Good Luck, I feel for you.
No way would I send an 8 year old on such a long flight! It's painful enough when you're an adult and you're going on a big, fun adventure! I flew Paris- Sydney when I was 10 and although I was looked after extremely well, it was still terrifying and frightening. There is no way in the world I would send a young child halfway across the world unaccompanied! not in this day and age :no:
I wouldn't let my child at 8 years old go into a public toilet on his/her own. I wouldn't let them go to the shops on their own or on a train trip etc etc.
There's no way I'd be flagging for a plane full of complete strangers that this child has no accompanying adult who will protect and support this child at all costs. Children are easy targets - particularly children who are apprehensive and looking for an adult who looks like they know what they are doing and are interested in the child.
I vote "no" - and yes, I have no faith in strangers when it comes to the wellbeing of my child.
I say no also. You just don't know what could happen. I just don't think it would be worth it.

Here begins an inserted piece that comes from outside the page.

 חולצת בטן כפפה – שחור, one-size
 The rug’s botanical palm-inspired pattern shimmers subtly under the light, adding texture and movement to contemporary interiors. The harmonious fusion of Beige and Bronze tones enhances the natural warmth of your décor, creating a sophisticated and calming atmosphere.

I realise that this was a long time ago, but when I was 7 I flew unaccompanied from Mauritius (we lived there) to England (born there, went back to my nanna's). It was a 2 day trip and I loved it. The crew are really really good with unaccompanied kids.

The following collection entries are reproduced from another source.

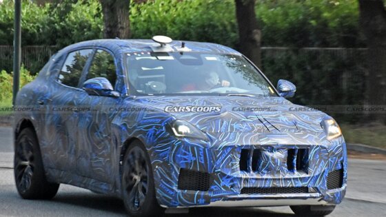Прототип характеризуется более крупными колесами и тормозами, с красными суппортами и просверленными роторами. Есть еще один нюанс, указывающий на то, что это версия Trofeo — выхлопные трубы типа четверки. Однако в остальном дизайн такой же, как и у остальных прототипов Grecale, которые уже можно было видеть на дорогах, за исключением небольшого камуфляжа.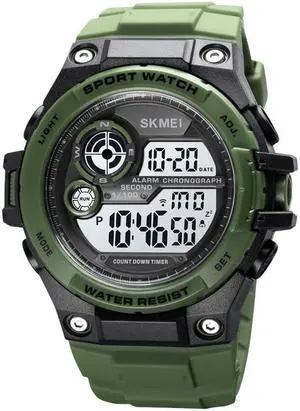 SKMEI 1759 Dual Time Digital Display Waterproof PU Leather Strap Luminous Electronic Watch (Army Green)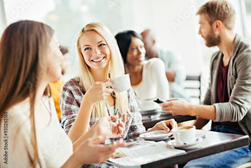 people, friends, drinking, hot drink, tied-up, cafes, diverse, young, caucasian, white, man, woman, adult, socialising, conversation, emotion, activity, lifestyle, relaxation, friendship, inclusion, equity, interaction, multicultural, bonding, communication, leisure, urban, modern, casual attire, happy, togetherness, gathering, enjoyment, male, female, daytime, warmth, community, laughter, comfort, vibrant, cultural, 2, copy space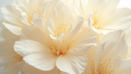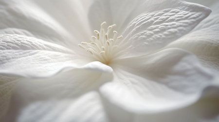 A detailed macro shot of white flower petals illuminated by soft, natural light, AI-generated.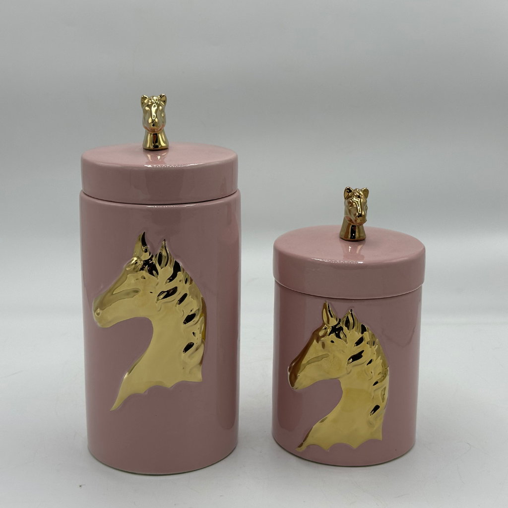 Set of 2 Elegant Pink Ceramic Decorative Jar with Sculpted Gold Horse Head Accents

I will let Ellie & Heidi fly up to Mum and Dad (In Brisbane) when they are 7 and 5, if they want to. But it really is a case of put them on the plane this end and Mum picks them up the other end. And the flight crew really do watch them like hawks.

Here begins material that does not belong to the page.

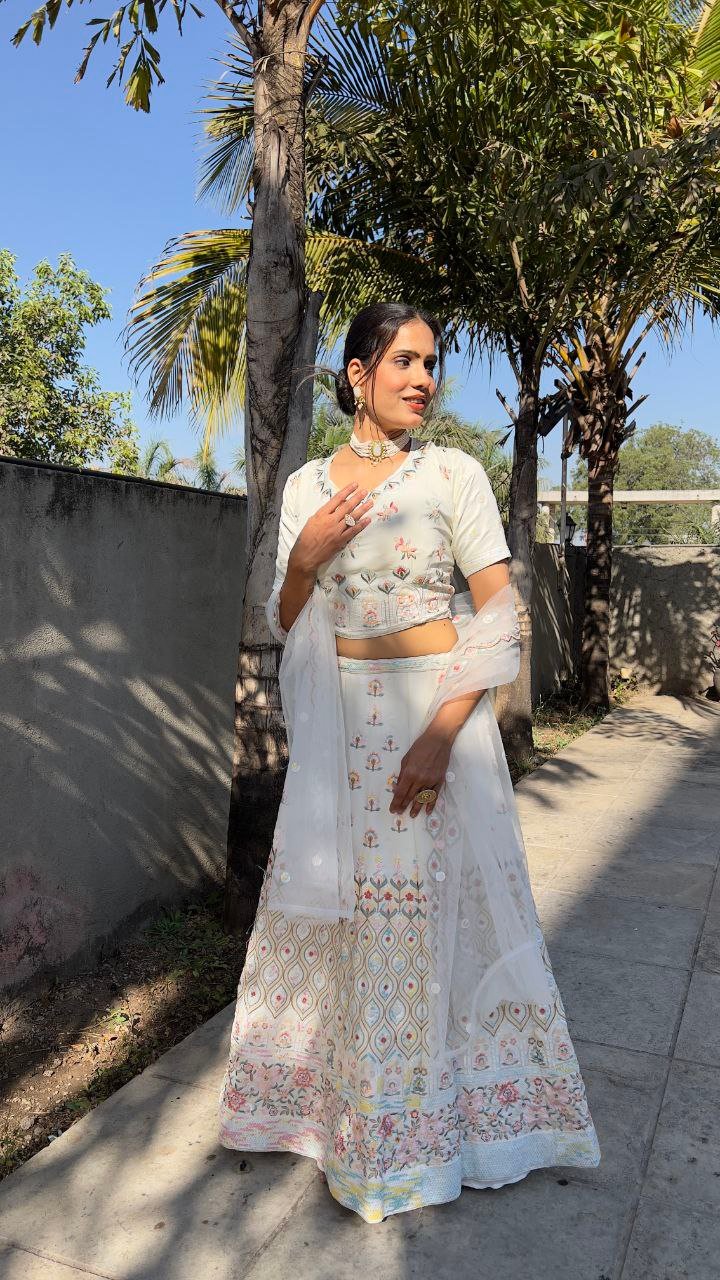 Be the first to review “White Color Thread Embroidery Work Georgette Lehenga Choli”

Yes, I would be worried on an overnight, long haul - what parent wouldn't. Hmmm, hard decision to make. Sorry I don't have any more useful advice.
My mum & I were actually talking about this today as she is babysitting a boy who just came over from America. He is 4 years old & came over on the plane by himself to stay with his mum (apparently he does this all the time when visiting each parent) me on other hand would never let my kids do this
No, too young, flight too long. It would be psychologically taxing on the child and not necessary since you have already offered to accompany him. If you must, then you go as far as the connection and he flies unaccompanied from there. But ideally, a parent with him at all times.
He's so liddle.
My DSD has flown unaccompanied since she was five. However the longest flight unaccompanied has been 2.5 hrs and only domestic. We had one flight where there was a stop over and we arranged for her god parents (who lived in the stop over town) to meet her at the airport and wait until the plane reboarded just in case.
Depending on the child and circumstances I would consider it ONLY IF it was a straight through flight, and I think a night-time flight would be less boring for a child.
There is no way on this planet I would let my DD travel on an airline (or any transport) completely alone, especially at that age:no: . My dd's dad lives in another state and I wouldnt even let her travel to another state alone - I would travel with her or get him to.
My brother and I travelled alone (but together) when we were young between parents - often on long bus trips.
But it is something I would definately NOT allow my child to do. She is my baby girl and I couldnt bring myself to send her on something like that all alone.
I'm afraid I would have to agree that I woudn't do it. I have seen so many kids completely forgotten by airline staff, and when they find them somewhere the staff have always yelled at them for not doing the right thing! I can think of at least 10 times I have seen this happen, kids wandering airports on their own.
I sat next to a 13 year old who was served alcohol and got alcohol poisoning once! (Unfortunately the airline staff didn't believe me that the kid was underage and supposed to be one of their unaccompanied minors!) This last issue happened because there was a flight delay and the cabin crew changed over and didn't hand over the details. It doesn't take much. In this day and age I would be scared stiff. I don't imagine the airlines would take any responsibility either.
No way. In addition to what the PP have said, planes get delayed, connection flights get missed or cancelled, and what if the person sitting next to your child is a pervert? No, no, no.
It is such a long trip for a child to do on their own.